Recht überlegt ist es so, dass die meisten Menschen vor irgendeiner Art von Armut flüchten. Das ist nur schwerlich zu verdenken. Aus Deutschland flüchtet kaum einer, und das liegt am Reichtum.

Verstehe jetzt deine Kehrtwendung nicht. Sind die Menschen die hier Zuflucht suchen keine Kriegsflüchtlinge? Kommen sie nur hier her weil zu Hause zu wenig Steaks in der Gefriertruhe sind? Wusste gar nicht das Armutseinwanderung im Asylrecht auf Verständnis stösst. 😕

Und essen tun sie dann ihre Autos?
 
Herrlich. Wir könnten alle in einer Satire-Sendung auftreten. Wie schön man die Begriffe verschieben kann. Ein Syrer, der vor dem Krieg, vor Vertreibung und Tod flüchtet, ist ein Armutsflüchtling. Was ist denn ein Deutscher, der auswandert, weil er glaubt in der neuen Heimat mehr Geld zu verdienen? Richtig! Ein Wirtschaftsflüchtling! Eben auch aus Armutsgründen.
 
Verstehe jetzt deine Kehrtwendung nicht. Sind die Menschen die hier Zuflucht suchen keine Kriegsflüchtlinge? Kommen sie nur hier her weil zu Hause zu wenig Steaks in der Gefriertruhe sind? Wusste gar nicht das Armutseinwanderung im Asylrecht auf Verständnis stösst. 😕

Und essen tun sie dann ihre Autos?

Wo habe ich denn Kehrt gemacht? Verstehe ich nicht.

Und ja: Krieg = Armut.

Das war schon immer so. Vergeudete Ressourcen, in jeglicher Hinsicht. (nochmal, weil's so schön plastisch ist)

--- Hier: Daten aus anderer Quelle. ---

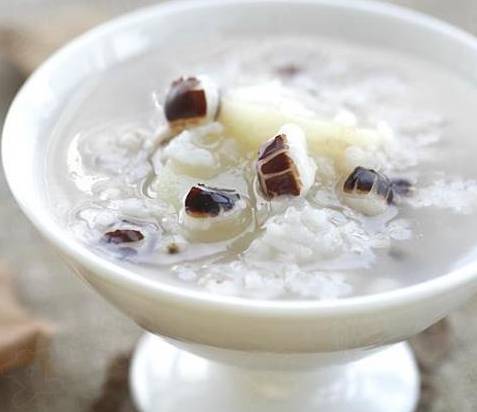 [方法]將乾百合、薏米、粳米各六十克洗淨後放鍋中煮粥,
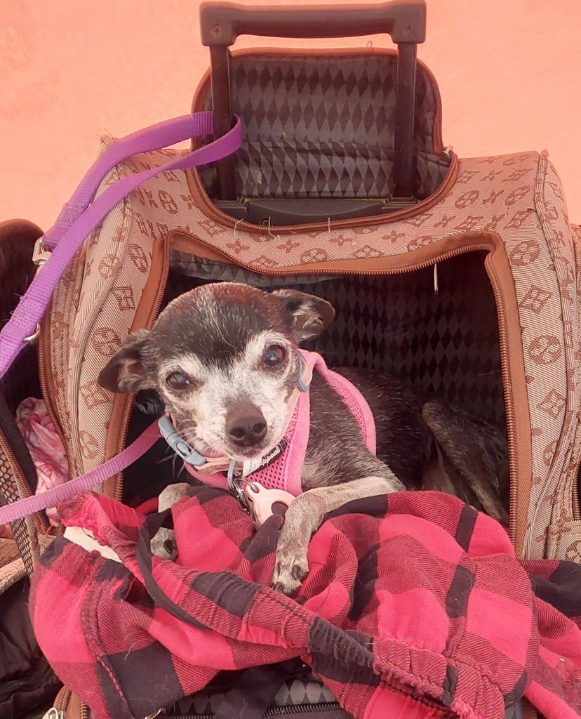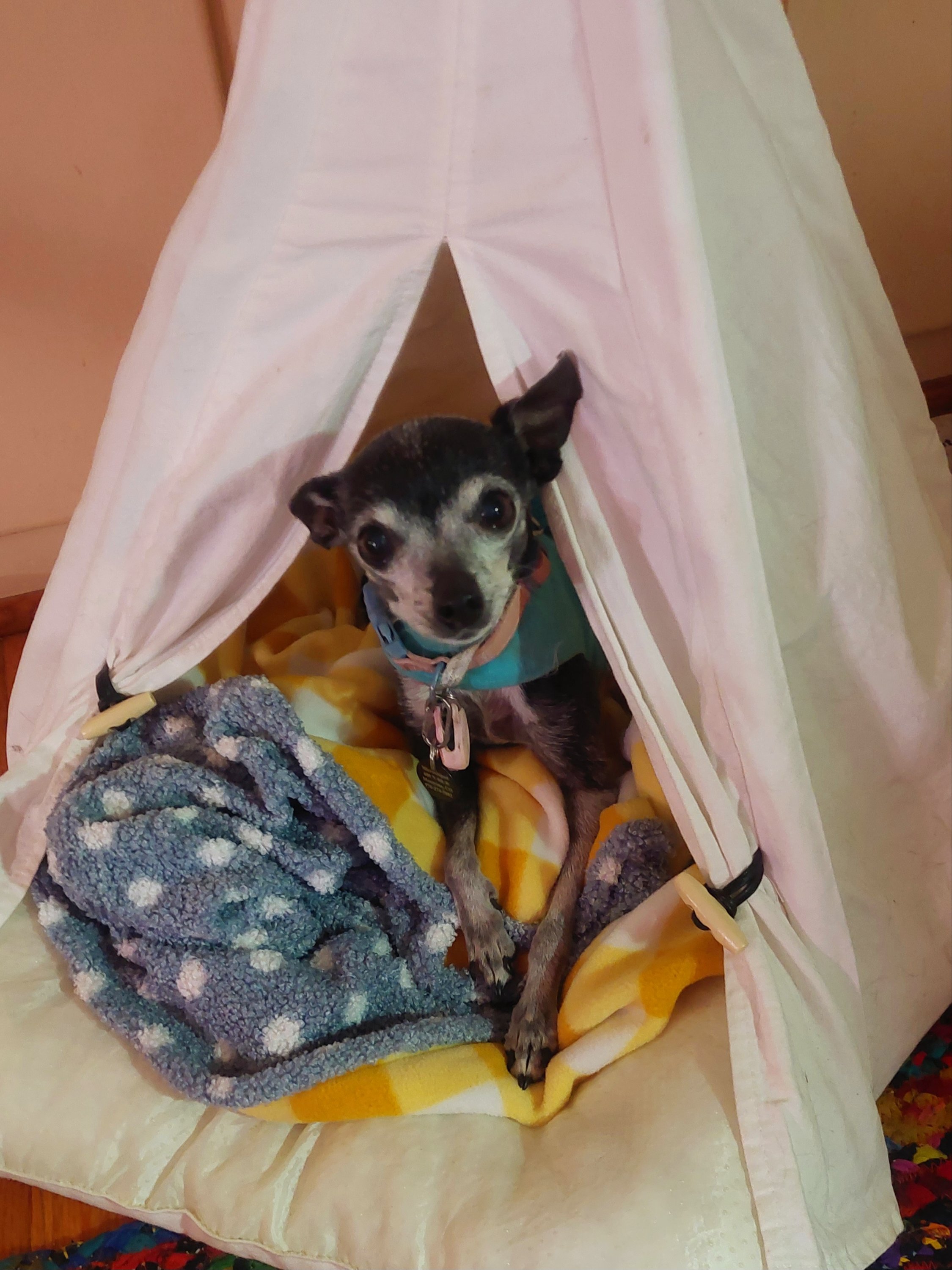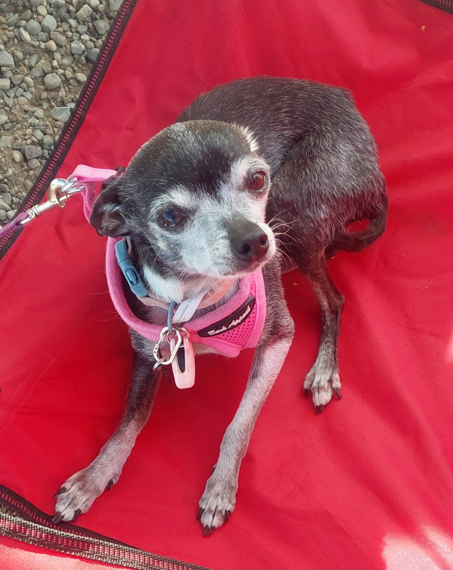 I rescued Cimarron from Harley’s House of Dreams, the same rescue Kokopelli came from in April. I have been longing for another tiny dog since Sazi passed. I guess my feng shui was lined up right, because Cimarron (formerly Simone) became available at just the right time. We were planning a camping roadtrip in a few weeks and could pick her up on the way home.

Und ich sagte: ein Auto im Wert von 5.000 EUR.

Manche Menschen können sich aus 5.000 EUR eine ganze Existenz aufbauen, welche nicht mehr "flüchtlingswürdig" ist. Ich weiß das, weil ich so ähnlich "angefangen" habe.
 
(...) Aus Deutschland flüchtet kaum einer, und das liegt am Reichtum.

Auch aus Deutschland gehen Menschen, um sich woanders Unterstützung wohler zu fühlen, aber das ist niemals vergleichbar mit der Situation der Menschen, die vor Krieg und Verfolgung flüchten!

Wieso wird das in diesem Thread immer infrage gestellt?